Again, better than NTFS but strangely enough, lower than writing.
Let's check HTTP:

# wget -O /dev/null http://192.168.1.1/shares/T_Drive/testfile
--2012-01-14 14:24:24--  http://192.168.1.1/shares/T_Drive/testfile
Connecting to 192.168.1.1:80... connected.
HTTP request sent, awaiting response... 200 OK
Length: 419430400 (400M) [application/download]
Saving to: `/dev/null'

100%[======================================>] 419,430,400 18.9M/s   in 22s    

2012-01-14 14:24:46 (18.2 MB/s) - `/dev/null' saved [419430400/419430400]

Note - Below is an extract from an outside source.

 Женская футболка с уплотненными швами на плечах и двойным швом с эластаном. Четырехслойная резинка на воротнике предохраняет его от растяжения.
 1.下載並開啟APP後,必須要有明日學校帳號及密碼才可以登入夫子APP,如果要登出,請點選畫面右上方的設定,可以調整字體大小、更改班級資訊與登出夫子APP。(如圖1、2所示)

HTTP confirms its lower overhead, but again, lower performance than writing.
So partition format has a considerable impact on WNDR3800 NAS performance.
One last test may be the use of a really simple filesystem: FAT.
Back to square one with a FAT32 partition:
Write:

# dd if=/dev/zero of=/mountpoint/testfile bs=4096 count=102400
102400+0 records in
102400+0 records out
419430400 bytes (419 MB) copied, 28.7441 s, 14.6 MB/s

Read:

# dd if=/mountpoint/testfile of=/dev/null
819200+0 records in
819200+0 records out
419430400 bytes (419 MB) copied, 41.2611 s, 10.2 MB/s

# wget -O /dev/null http://192.168.1.1/shares/USB_Storage/testfile
--2012-01-14 14:38:28--  http://192.168.1.1/shares/USB_Storage/testfile
Connecting to 192.168.1.1:80... connected.
HTTP request sent, awaiting response... 200 OK
Length: 419430400 (400M) [application/download]
Saving to: `/dev/null'

100%[======================================>] 419,430,400 13.1M/s   in 29s    

2012-01-14 14:38:57 (13.8 MB/s) - `/dev/null' saved [419430400/419430400]

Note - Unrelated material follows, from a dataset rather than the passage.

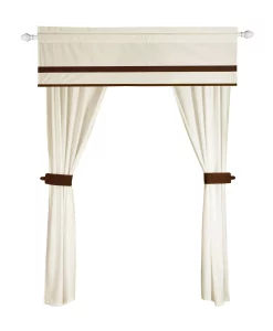 - 1 Fitted sheet 60″”W x 80″” + 15″D Deep pocket, 2 Pillow cases 21″”W x 27″” + 3″D , 4 microfiber panels – 40″W x 84″D , 2 Valances – 18″W x 60″D , 4 tie backs – 3″W x 18″D

FAT does not boost performance, and even if it did, I wouldn't use FAT as a filesystem for anything serious.


Format Read MB/sWrite MB/s
local USB27.728.7
NTFS9.84.4
ext212.019.6
FAT10.214.6

UPDATE: there is a new firmware available that changes some of this results.

1 comment:

  1. Alessandro, Thank you very much for taking the time to write this. I'm just installing a ReadyShare drive on our WNDR3800 for local backups.

    You've saved me hours of trouble shooting time.